*** Opening of Raw data ***
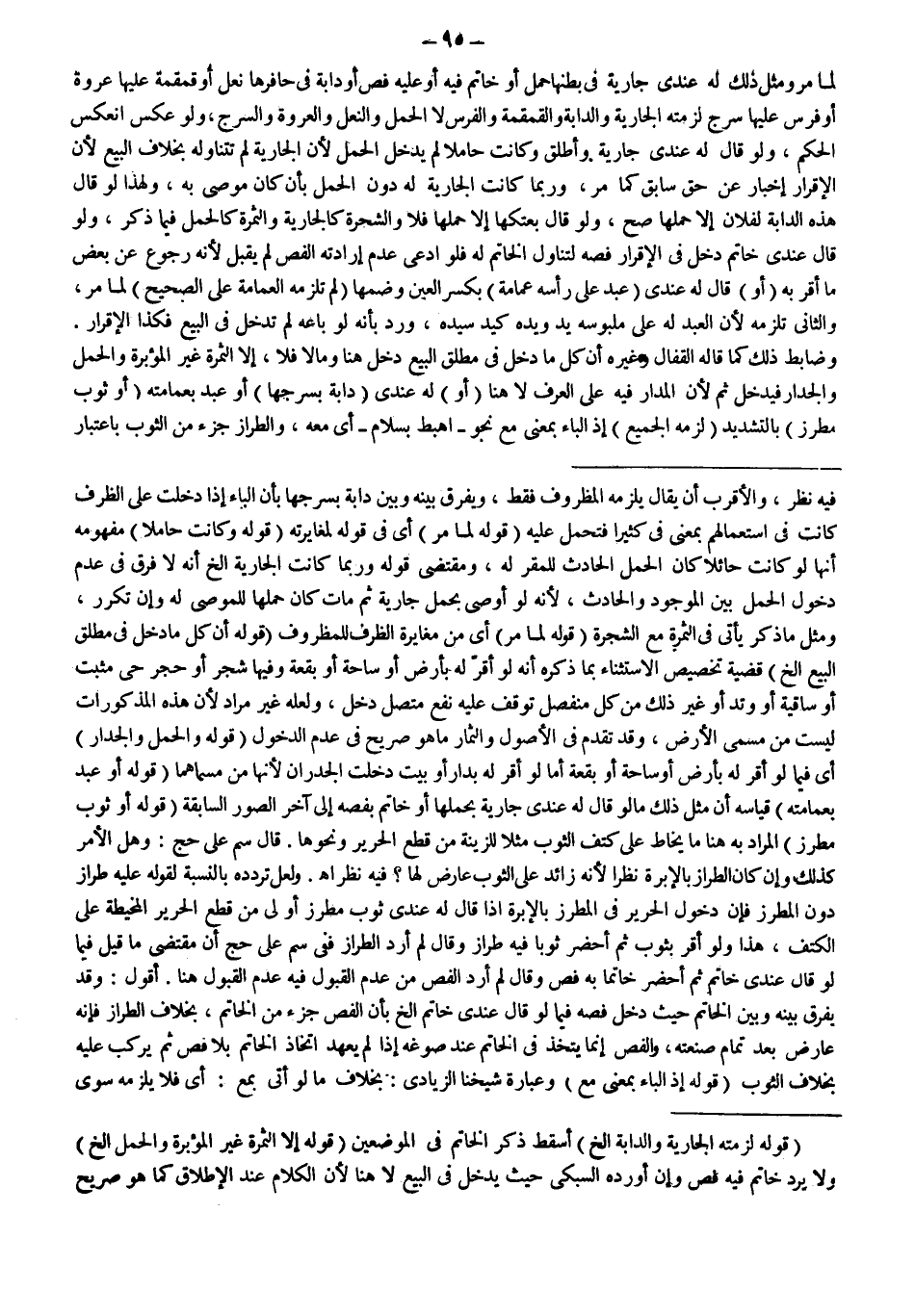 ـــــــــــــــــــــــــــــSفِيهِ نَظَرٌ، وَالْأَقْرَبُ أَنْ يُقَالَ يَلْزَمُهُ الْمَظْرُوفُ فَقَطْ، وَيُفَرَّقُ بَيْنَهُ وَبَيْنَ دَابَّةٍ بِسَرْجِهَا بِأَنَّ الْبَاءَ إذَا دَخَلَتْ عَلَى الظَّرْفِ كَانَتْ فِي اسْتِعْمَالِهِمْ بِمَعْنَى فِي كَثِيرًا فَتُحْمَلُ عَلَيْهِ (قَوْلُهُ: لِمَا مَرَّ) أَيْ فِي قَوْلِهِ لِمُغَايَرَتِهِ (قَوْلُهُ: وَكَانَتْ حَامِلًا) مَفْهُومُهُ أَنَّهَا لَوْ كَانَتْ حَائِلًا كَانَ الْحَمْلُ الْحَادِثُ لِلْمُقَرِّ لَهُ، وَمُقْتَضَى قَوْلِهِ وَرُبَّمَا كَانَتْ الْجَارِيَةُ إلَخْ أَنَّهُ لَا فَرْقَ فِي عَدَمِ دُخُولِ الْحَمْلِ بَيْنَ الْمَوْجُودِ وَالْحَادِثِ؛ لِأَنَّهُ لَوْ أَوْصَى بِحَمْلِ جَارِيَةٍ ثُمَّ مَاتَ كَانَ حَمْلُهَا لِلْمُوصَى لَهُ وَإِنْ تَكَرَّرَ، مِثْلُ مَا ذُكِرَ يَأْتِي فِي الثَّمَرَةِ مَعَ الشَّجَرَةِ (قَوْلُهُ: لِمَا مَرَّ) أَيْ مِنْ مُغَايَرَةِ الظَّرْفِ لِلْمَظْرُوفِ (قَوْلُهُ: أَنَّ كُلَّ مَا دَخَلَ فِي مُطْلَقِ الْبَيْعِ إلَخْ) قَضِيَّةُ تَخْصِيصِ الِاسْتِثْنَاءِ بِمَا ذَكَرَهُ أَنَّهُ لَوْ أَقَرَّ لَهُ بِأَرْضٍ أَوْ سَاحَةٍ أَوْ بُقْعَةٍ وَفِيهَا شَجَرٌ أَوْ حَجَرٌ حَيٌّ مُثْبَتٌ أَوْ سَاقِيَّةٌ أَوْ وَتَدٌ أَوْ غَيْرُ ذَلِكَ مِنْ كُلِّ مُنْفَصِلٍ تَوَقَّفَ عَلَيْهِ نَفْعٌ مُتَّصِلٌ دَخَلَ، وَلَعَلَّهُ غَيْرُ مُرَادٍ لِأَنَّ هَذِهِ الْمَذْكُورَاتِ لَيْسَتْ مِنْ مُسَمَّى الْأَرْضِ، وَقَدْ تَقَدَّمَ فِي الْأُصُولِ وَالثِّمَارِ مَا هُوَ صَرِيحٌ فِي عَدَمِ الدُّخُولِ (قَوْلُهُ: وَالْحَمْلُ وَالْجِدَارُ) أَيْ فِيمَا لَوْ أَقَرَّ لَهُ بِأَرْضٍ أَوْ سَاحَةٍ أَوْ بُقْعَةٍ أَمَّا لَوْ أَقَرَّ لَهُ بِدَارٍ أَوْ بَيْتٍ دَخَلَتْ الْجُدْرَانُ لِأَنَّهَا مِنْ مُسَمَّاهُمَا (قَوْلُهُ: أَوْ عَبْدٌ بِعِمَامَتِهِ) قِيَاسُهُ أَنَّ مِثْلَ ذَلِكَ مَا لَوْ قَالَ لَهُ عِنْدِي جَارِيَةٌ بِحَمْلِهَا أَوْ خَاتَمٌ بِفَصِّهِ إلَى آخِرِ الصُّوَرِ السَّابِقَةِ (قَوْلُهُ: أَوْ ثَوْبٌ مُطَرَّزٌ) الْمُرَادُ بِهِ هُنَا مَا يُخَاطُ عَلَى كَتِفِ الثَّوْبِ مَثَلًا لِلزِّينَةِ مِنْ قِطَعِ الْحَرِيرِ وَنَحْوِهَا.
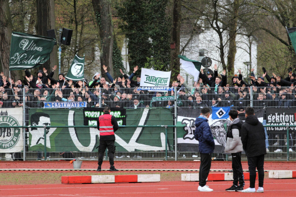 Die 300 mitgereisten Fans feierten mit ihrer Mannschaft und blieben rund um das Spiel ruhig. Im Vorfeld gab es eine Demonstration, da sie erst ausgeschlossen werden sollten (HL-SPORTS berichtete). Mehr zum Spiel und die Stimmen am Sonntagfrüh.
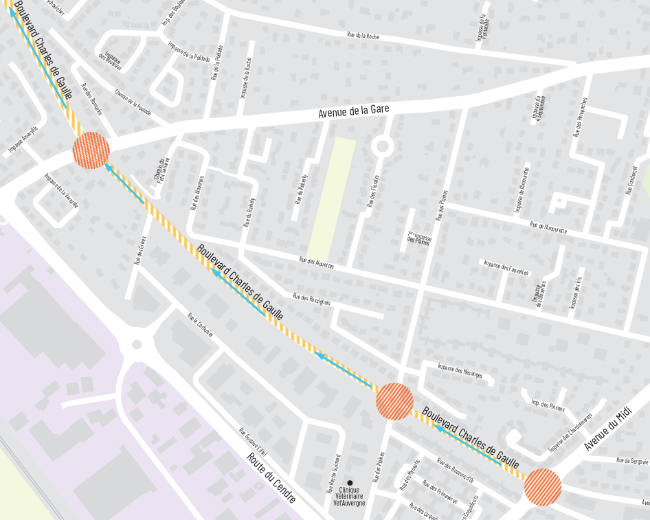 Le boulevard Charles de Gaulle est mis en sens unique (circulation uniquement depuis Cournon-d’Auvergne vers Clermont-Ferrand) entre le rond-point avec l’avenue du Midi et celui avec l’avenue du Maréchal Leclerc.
*** Close of Raw data ***
Description of the task: I would like the lines from the one with "Die 300 mitgereisten" through the last line of the data above retyped exactly, with pictures left out, please.

Answer to this task:
 Die 300 mitgereisten Fans feierten mit ihrer Mannschaft und blieben rund um das Spiel ruhig. Im Vorfeld gab es eine Demonstration, da sie erst ausgeschlossen werden sollten (HL-SPORTS berichtete). Mehr zum Spiel und die Stimmen am Sonntagfrüh.
 Le boulevard Charles de Gaulle est mis en sens unique (circulation uniquement depuis Cournon-d’Auvergne vers Clermont-Ferrand) entre le rond-point avec l’avenue du Midi et celui avec l’avenue du Maréchal Leclerc.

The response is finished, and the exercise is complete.